593e

Do Mugenzai no Sono

Oryg.: rkps Muzeum św. Maksymiliana w Nagasaki. Jedna karta jednostr. zapis. - Fotokop.: AN.
Na morzu pomiędzy Hongkongiem i Manilą, 29 V 1936

Maryja!

Drogie moje Dzieci!

W Hongkongu deszczyk nie pozwalał na zbytnie oddalanie się od statku. Jednak misjonarz, bernardyn, co po 25 latach strawionych w głębi Chin jechał na wakacje do Hiszpanii, wyciągnął mnie do katedry. Z radością liczył piętra domów: pięć, sześć. Odwykł bowiem od widoku dużych miast. Przed 21 laty pojmali go bandyci i trzymali przez 5 dni. Po czym zdołał zbiec dzięki mułowi, który rozbrykawszy się wysadziłw powietrze drzwi postoju, a te spadając zasłoniły go. Znajdował się też pomiędzy bolszewikami. Przeżywał ucieczki nocne, ale i sam nocą podszedł do misji, by go bolszewicy nie zobaczyli. Słowem prawdziwy męczennik, który jeszcze teraz odczuwa skutki uderzenia bykowcem w plecy.

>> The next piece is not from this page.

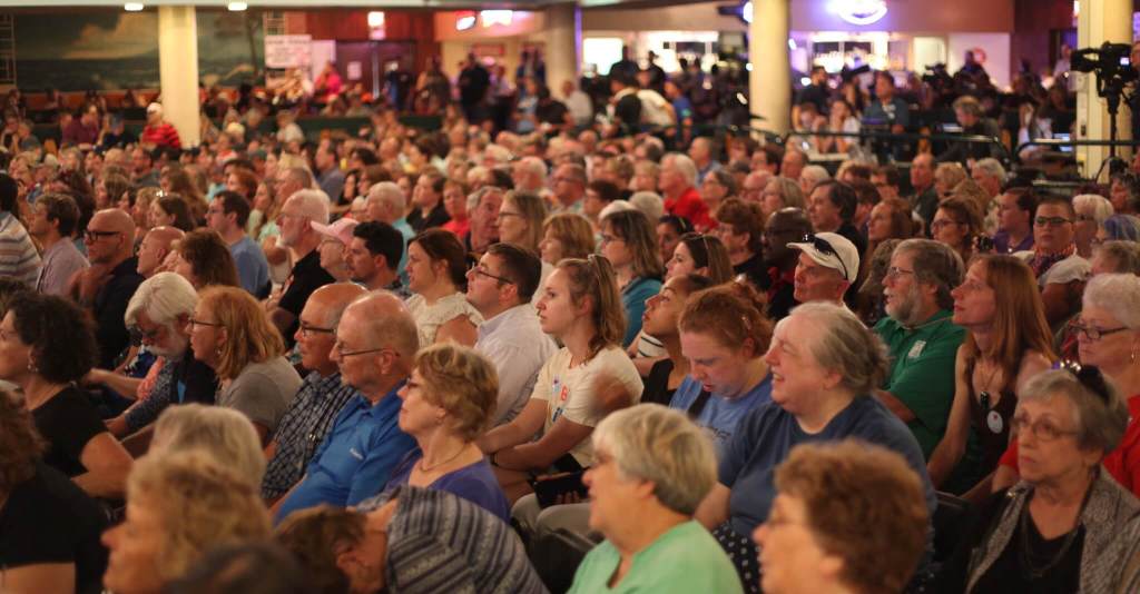 Beto O’Rourke, a former Texas congressman, provided a video message to voters after canceling his appearance here to be in El Paso, Texas, in the wake of the Aug. 3 mass shooting. Prior to the event, candidates gathered for an outdoor vigil in memory of the 22 victims.

W Hongkongu przesiedli się do klasy ekonomicznej dwaj salezjanie: jeden kleryk [ 1 ] i jeden ksiądz [ 2 ].

Około piątej ruszyliśmy w dalszą podróż, a burza wpędziła wielu do łóżka. I ja też odczułem spore kiwamasu [ 3 ] okrętu. Obszerny trzeci towarzysz kabiny, co przybyłw Hongkongu, powtarzał tylko, że "sick" [ 4 ] - chory.

Obecnie od rana dosyć ładnie. Piszę na werandzie. Na lewo drzemie kleryk salezjański, na prawo rozprawiają po francusku zakonnice, a z boku śpiewnie czyta ciemny wąsaty Hindus książkę, drukowaną hinduskimi literami. Dokoła inni goście rozmawiają lub czytają, a po wszystkich podmuchuje letni wietrzyk.

Ten list to już wrzucę chyba na okręcie i pójdzie ze znaczkiem włoskim, bo jutro nie wiem, jakie będą okoliczności.

Do Hongkongu było chłodno i deszczowo, a teraz przypieka i wyciska poty.

Za wszystko cześć Niepokalanej.

Wasz

br. Maksymilian M-a Kolbe

PS - Klimat Hongkongu jest mokry i dlatego, jak słyszałem, wpływa na nerwy. Musimy więc cnotą nadrobić, co klimat nie daje.

Niech pokój zawsze panuje w Mugenzainosono, pogoda ducha. Nigdy sprzeczki [ 5 ] chociażby z najsłuszniejszych powodów. W razie różnicy zdań, jeżeli sprawa nie jest poważna, to ustąpić, jeżeli zaś ważna, przedstawić O. Gwardianowi. Ale nigdy się nie przekomarzać, sprzeczać - nigdy!!!...

[ 1 ] Giovanni Capelli.

[ 2 ] Ks. Mario Acquistapace - zob. Pisma, 869, H. Ks. M. Acquistapace opisał spotkanie ze św. Maksymilianem: Yo viajé con el Padre Maximiliano Kolbe, "Buletin Salesiano Español" 1982 nr 11, 4-5.

[ 3 ] "Kiwamasu" - neologizm: polskie słowo z japońską końcówką.

[ 4 ] Po angielsku: chory.

[ 5 ] W oryginale wyrazy "nigdy sprzeczki" podkreślone trzykrotnie.